In SSIS, however, I don't think its possible to just give the package a literal SQL query. Everywhere I've looked online, people say to use Merge Joins to transform the multiple tables resulting from an XML Source object into a single table. The problem with Merge Joins is that they only accept two inputs (tables), and I have three. Therefore: I figured I would just use two Merge Joins.
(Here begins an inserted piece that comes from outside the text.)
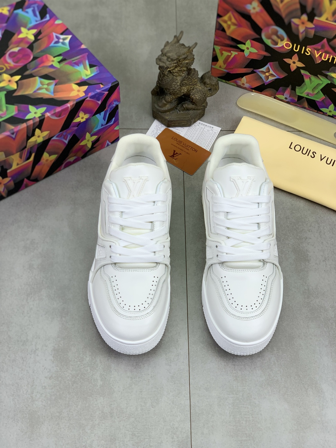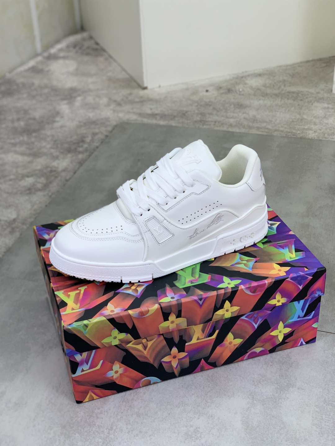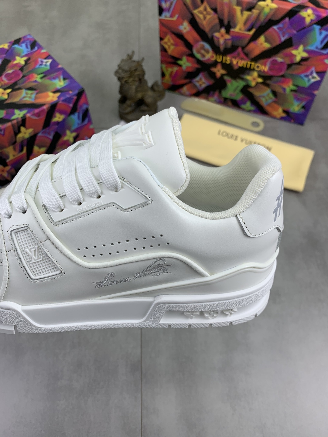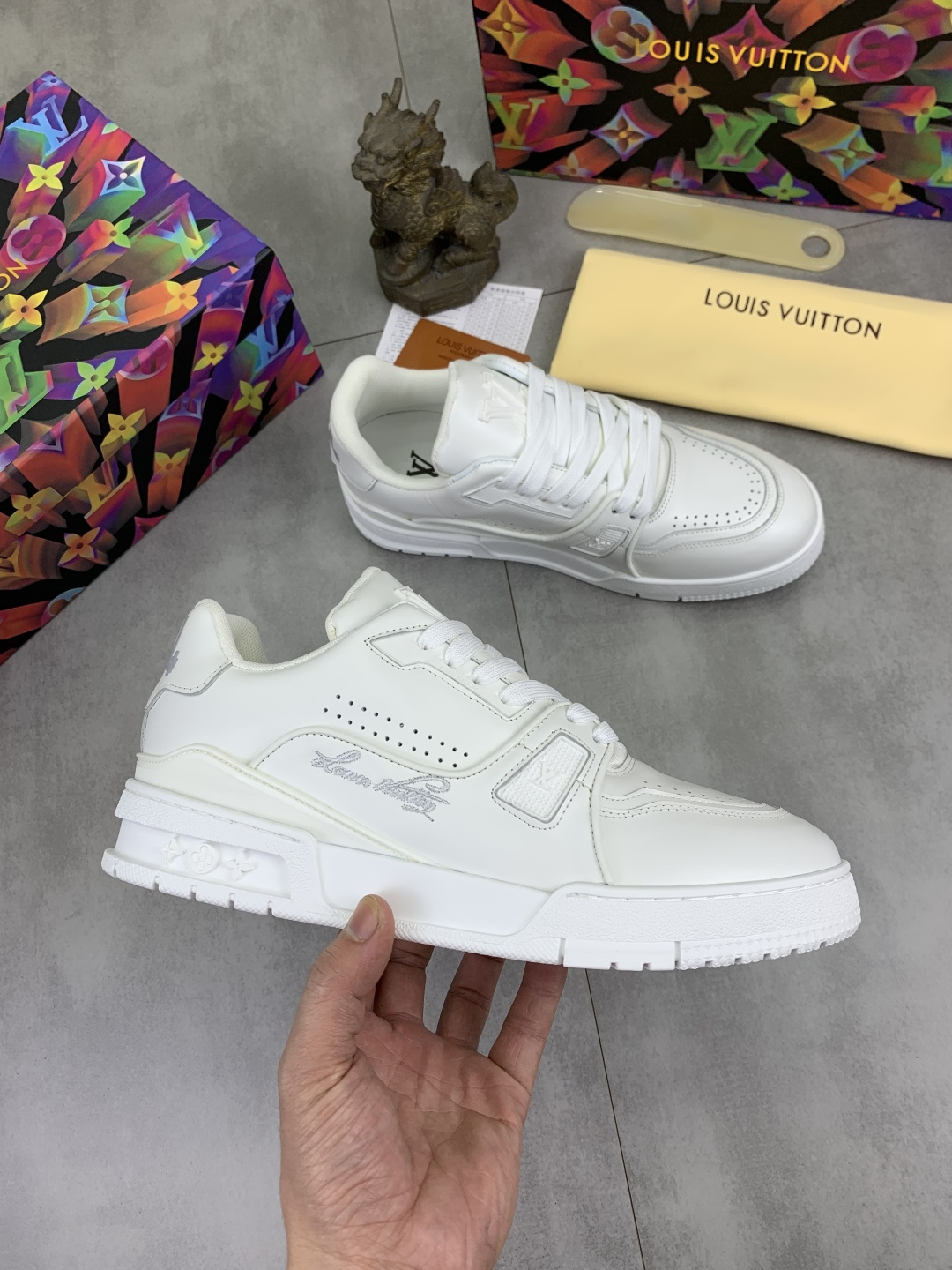 这款鞋子是AAAAA 1:1 质量 (非常棒). 使用了和原版一模一样的材料. 商标部分也保持了和路易威登/Louis Vuitton一样. 图片拍摄是实物鞋子拍摄, 您所收到的实物保证和我们图片一模一样.

This is how I did it (ordered from first to last action):
XML Source
Set the isSorted property of country, district, and city tables to TRUE.
Set the SortKeyPosition on country.country_Id, district.country_id and city.district_Id to 1 (notice this last value)
Set the SortKeyPosition on district.district_Id table to 2
First Merge Join
Set the inputs of the first Merge Join to country (LEFT) and district (RIGHT)
Selected all columns except country.country_Id for the output
Result: a table INNER JOINed on country_Id
Sort
This output needs to be sorted before being used, so I sent it to Sort component, and sorted by country_Id (1) and district_Id (2)
Second Merge Join
Set the first input (LEFT) to the output of the Sort component
Set the second input (RIGHT) to the city table from the XML Source component
In order to make this work without the IDE throwing errors at me, I had to set city.district_Id 's SortKeyPosition to 1. This yields a table that is joined wrong. In fact, the same output table would result from the following query:
SELECT
*
FROM
country
INNER JOIN district
ON country.country_Id = district.country_Id
INNER JOIN city
ON district.country_Id = city.district_Id
This, of course, is semantically wrong. I want it to join on the District ID's of the District and City tables, like in the query near the top of this post.
Now, here's what I tried:
1. Set the SortKeyPosition of city.district_Id to 2. This results in an IDE error that reads:
Error at Data Flow Task [DTS.Pipeline]: The IsSorted property of output "city" (45) is set to TRUE, but the absolute values of the non-zero output column SortKeyPositions do not form a monotonically increasing sequence, starting at one.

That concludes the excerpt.